If you are annoyed by being told what to do, you probably wouldn’t want to live in what the Public Policy people call “high density housing.”

Environmentalists want people to live in high-density, high-rise housing, and they want them crammed into buses and street cars. This is of course to save the environment from what they call “sprawl.” The idea — and it is an extremely influential one — is to keep people within the so-called Built Environment where they “belong” (in quotes because I doubt environmentalists really want humans anywhere).

An extremely influential National Research Council report — “Driving and the Built Environment” (summary here) was put together by a high level committee of Public Policy and Urban Planning folks. These are unelected academicians and policy advocates who have devoted their lives to telling people what to do, and I think it behooves those of us who don’t want to be told what to do to study carefully the way these people think. Personally I consider them enemies of freedom, wreckers of the economy, and despoilers of the American way of life. I am sure they would consider me a far-right lunatic, which is a shame because a lot of conservatives consider me a liberal, and I cannot tell you what a pain in the ass it is to be a far-right lunatic liberal.

But I digress. On with exciting excerpts of ruling class thought from “Driving and the Built Environment“!

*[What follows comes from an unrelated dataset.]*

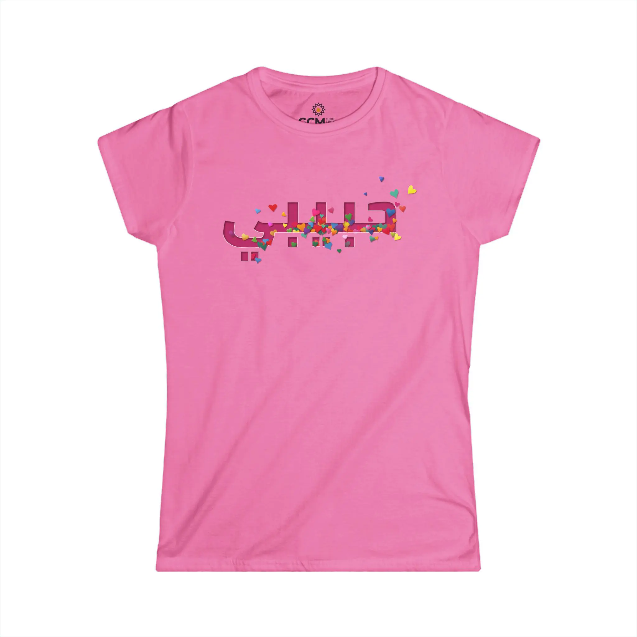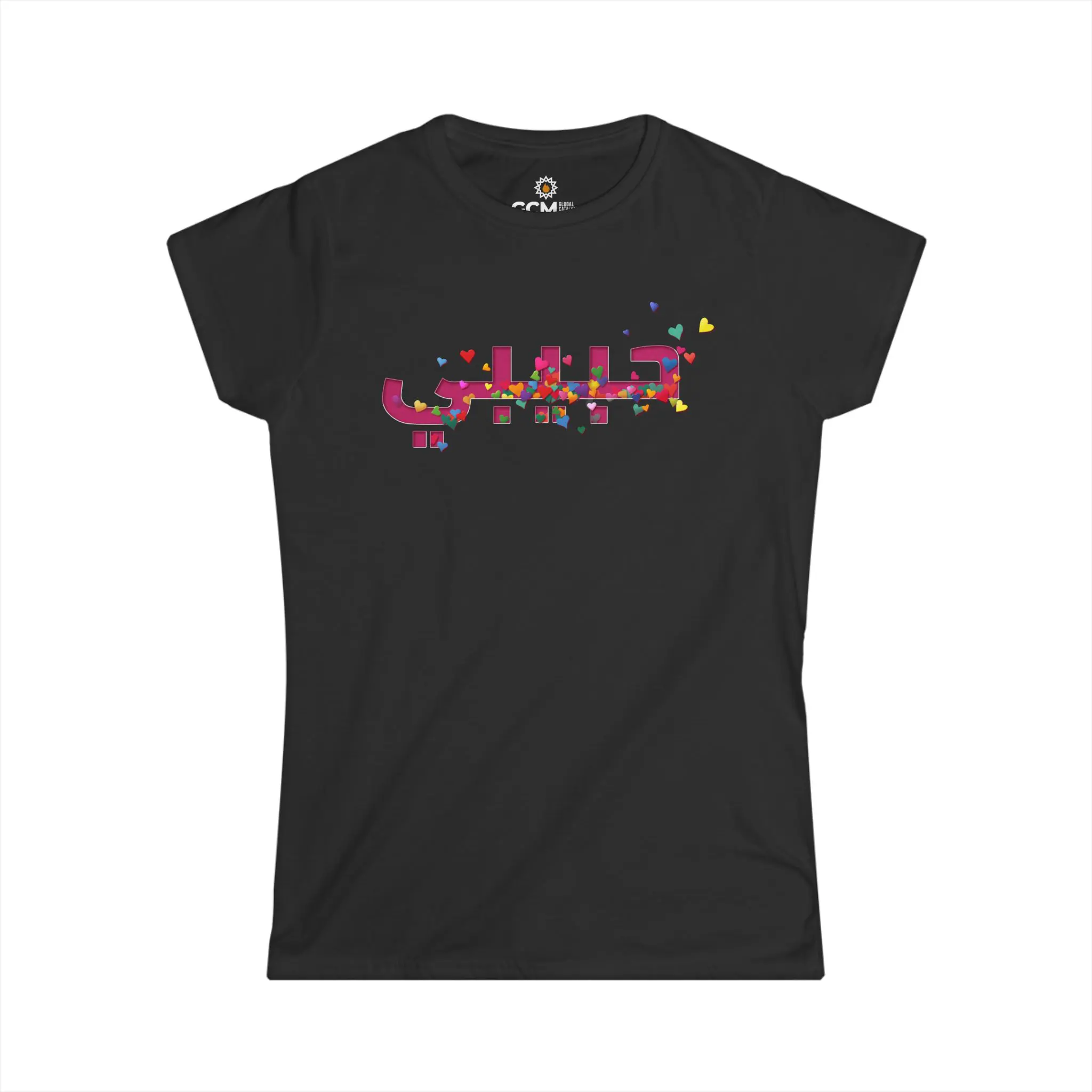 This cozy and stylish woman’s t-shirt features the word “Habibi” (حبيبي) — Arabic for “my friend,” “my beloved,” or “my dear” — set against a playful array of colorful hearts. Designed for both warmth and expression, it blends cultural affection with artistic charm. Whether you’re gifting it or wearing it yourself, it’s a heartfelt way to celebrate love, friendship, and connection.

Above all, the Public Policy people hate “suburbanization” (although I suspect many of them make exceptions for their own elite suburbs):

The Effects of Compact Development on Motorized Travel, Energy Use, and CO2 Emissions

Suburbanization is a long-standing trend reflecting the preference of many Americans for living in detached single-family homes and made possible through the mobility provided by the automobile and an extensive highway network. Yet these dispersed, automobile-dependent development patterns have come at a cost, consuming vast quantities of undeveloped land; increasing the nation’s dependence on imported petroleum; and increasing greenhouse gas emissions that contribute to global warming.

The key recommendation? Obviously, suburbanization must be countered by forcing people into denser housing:

Policies that support more compact, mixed-use development and reinforce its ability to reduce VMT, energy use, and CO2 emissions should be encouraged.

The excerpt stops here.